(02/14/2016, 05:08 AM)marraco Wrote:(02/14/2016, 03:43 AM)Gottfried Wrote:That's great. You found that the tetration of the pascal matrix produces the bj sequences.
If we can iterate logaritms maybe we can figure what a tree of negative height is.
I wonder if we can generate the tetrated pascal with a series, and if that series matches the series for some real base. That base should be important.
If just we could calculate \( \\[15pt]
{^{1.5}P} \), we would get the bj for trees of 1/2 height.
Hi marraco -
the point of the logarithm L of the Pascalmatrix P and its non-invertibility is likely not the end of the story here. Although it is only one subdiagonal below the diagonal and the diagonal is empty/is zero this is the same situation as we face it with the fractional derivative, expressed in the matrix form. There the derivative-operator is exactly that subdiagonal-matrix. And the second-derivative-operator is its second power and so on. But anyway we can work with somehow "the inverse", namely the integration. That operator has the upper subdiagonal populated with values. One of the reasons for the possibility to step forwards is likely the fact of the infinite size of the matrices which allow sometimes operations which are impossible/contradictory with finite sized-matrices.
And finally, there is also the concept of fractional derivatives (in fact a complete handful of concepts) which indeed define a squareroot of that derivative-operator or subdiagonal-matrix. However it must be made working seriously and I feel a bit tired to dive into this -for me new- concept.

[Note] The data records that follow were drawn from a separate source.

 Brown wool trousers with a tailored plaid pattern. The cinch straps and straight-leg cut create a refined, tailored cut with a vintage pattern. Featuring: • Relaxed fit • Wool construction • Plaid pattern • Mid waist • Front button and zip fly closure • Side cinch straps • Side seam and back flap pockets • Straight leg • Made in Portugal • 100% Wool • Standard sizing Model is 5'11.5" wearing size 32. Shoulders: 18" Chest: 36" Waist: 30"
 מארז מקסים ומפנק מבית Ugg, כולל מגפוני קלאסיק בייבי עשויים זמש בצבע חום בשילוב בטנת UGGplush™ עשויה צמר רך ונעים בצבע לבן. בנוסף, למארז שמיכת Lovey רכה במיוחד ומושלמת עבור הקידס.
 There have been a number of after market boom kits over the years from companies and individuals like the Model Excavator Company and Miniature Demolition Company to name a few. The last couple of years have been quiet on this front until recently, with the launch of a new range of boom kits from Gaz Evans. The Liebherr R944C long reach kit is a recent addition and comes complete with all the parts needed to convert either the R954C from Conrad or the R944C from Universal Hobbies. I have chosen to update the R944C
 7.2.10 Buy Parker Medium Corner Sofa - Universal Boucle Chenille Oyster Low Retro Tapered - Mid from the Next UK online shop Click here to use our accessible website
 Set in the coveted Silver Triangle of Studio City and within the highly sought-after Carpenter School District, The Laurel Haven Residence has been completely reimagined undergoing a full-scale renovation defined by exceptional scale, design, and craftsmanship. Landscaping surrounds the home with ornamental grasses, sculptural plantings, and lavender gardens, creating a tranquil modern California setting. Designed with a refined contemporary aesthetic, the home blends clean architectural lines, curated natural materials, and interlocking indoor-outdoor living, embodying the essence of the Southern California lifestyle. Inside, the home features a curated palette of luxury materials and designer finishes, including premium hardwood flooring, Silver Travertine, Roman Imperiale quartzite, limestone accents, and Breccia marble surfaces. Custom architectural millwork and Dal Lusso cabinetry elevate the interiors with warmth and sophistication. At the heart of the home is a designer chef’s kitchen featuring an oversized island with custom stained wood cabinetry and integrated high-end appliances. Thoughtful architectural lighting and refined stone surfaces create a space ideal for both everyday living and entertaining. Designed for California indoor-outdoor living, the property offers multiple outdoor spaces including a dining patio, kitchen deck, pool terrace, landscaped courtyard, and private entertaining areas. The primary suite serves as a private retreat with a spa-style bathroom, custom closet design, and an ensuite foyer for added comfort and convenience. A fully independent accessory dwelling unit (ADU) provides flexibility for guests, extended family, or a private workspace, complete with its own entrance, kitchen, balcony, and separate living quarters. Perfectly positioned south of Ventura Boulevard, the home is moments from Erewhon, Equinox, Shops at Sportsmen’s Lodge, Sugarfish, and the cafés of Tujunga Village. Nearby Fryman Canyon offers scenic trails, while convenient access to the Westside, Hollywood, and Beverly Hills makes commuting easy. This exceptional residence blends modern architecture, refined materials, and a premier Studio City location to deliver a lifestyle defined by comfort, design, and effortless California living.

I tried to become more familiar with it and, for instance got stuck with the question how to define the half-derivative of the zeta at zero (based on the Dirichlet-series representation) and this question is still open in mathoverflow... So because I also had not much time besides my teachings this still lingers around - and if you like that whole question more and like try experimentate with that matrix-operators in Pari/GP you can also get my set of routines (which can help to make the matrix-things better visible - for instance all the nice matrix-pictures in my article are made with the PariTTY-GUI for Pari/GP). (You better email me privately for this because I surely must explain in detail this and that and much and more...)
Gottfried
Gottfried Helms, Kassel